26. Despite the increasing difficulties and cost of mobilizing additional water for irrigation purposes, it is essential both to expand irrigation schemes and to increase productivity from existing irrigated agriculture, especially in developing countries, where irrigated yields are often way below their potential level. In future, both rain-fed and irrigated agriculture have to be utilized to the full to meet the food demands of the world’s population. FAO has estimated that two thirds of the additional food supplies will need to come from irrigated agriculture and one third from rain-fed agriculture. Both efforts present major challenges. Timely replacement of reservoirs used as a source for irrigation water that are now slowly silting up may be controversial.

27. In some areas, current low yields result from poor drainage and hence waterlogged conditions of the agricultural land. Drainage improvement measures and land recovery take a long time to implement. Improved management arrangements, for which users’ participation is an essential element, cannot be implemented overnight either. The development of effective legislation for the controlled management of overexploited aquifers, the introduction and acceptance of such laws by water users and the monitoring and enforcement of laws and regulations by effective institutions may also take many years. All of which suggests a need for urgent measures, including research and policy support for institutional development and cost recovery issues. Institutional as well as technical changes are required.

A. Rain-fed agriculture

28. Rain-fed agriculture is currently practised on over 80 per cent of the cultivated land. Obviously, this will continue to be the case in highly productive temperate zones where rain-fed yields of cereals are high and often considerably higher than yields obtained by irrigated agriculture in semi-arid developing countries. In water-scarce tropical regions, rain-fed agriculture also covers more than 95 per cent of the croplands, and will probably remain the predominant source of food. In those countries, productivity increases may be achieved through more widespread use of known soil and water conservation techniques, aided by supplementary irrigation.

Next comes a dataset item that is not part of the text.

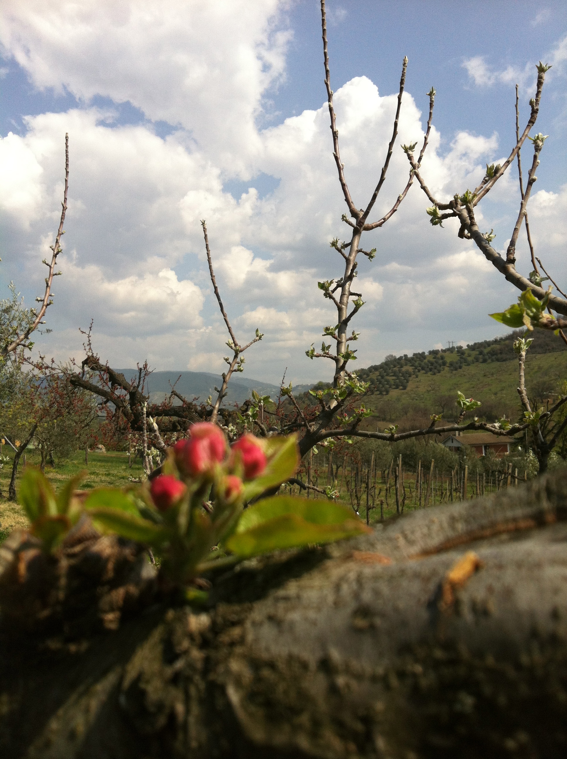 Bianco-rosa e un po’ cangianti quelli del melo (i fiori più belli, a mio avviso) che arrivano un po’ dopo (quelli fotografati qui sotto sono gli unici già sbocciati a oggi)

29. Most potential cropland is already under cultivation. Possibilities for increasing food production through an expansion of agricultural lands into previously non-cultivated lands are small. Increases in food production will have to come from increased yields, which is a sizeable task in rain-fed agriculture since there are severe problems associated with yield increases.

30. To enhance performance of rain-fed agriculture, it will be necessary to overcome two interrelated deficiencies. A significant proportion of current farmland is losing productivity due to soil degradation and soil fertility depletion, which often limits crop growth more than water scarcity even in drought-prone areas. Studies from Kenya and Ethiopia show that annual soil nutrient losses in 1983 exceeded 80 kilograms (kg) of nitrogen, phosphorus and potassium per cultivated hectare.⁵ The average fertilizer use in sub-Saharan Africa is below 10 kg per cultivated hectare. Organic fertilizers produced through animals, composting, mulching and green manuring tend to be insufficient to compensate for the large negative soil nutrient balances now often found.

31. As a result of persistent land degradation in many areas, caused primarily by growing demographic pressure, farmers now experience agricultural drought when there is no meteorological drought; that is, the crops suffer from a scarcity of plant-available soil moisture even when there is abundant rainfall. Rain-fed agriculture will continue to change the hydrological cycle in crop fields and also on a watershed scale since a larger proportion of rainfall will be returned to the atmosphere as transpiration. This requires a combination of proper land and water conservation and utilization.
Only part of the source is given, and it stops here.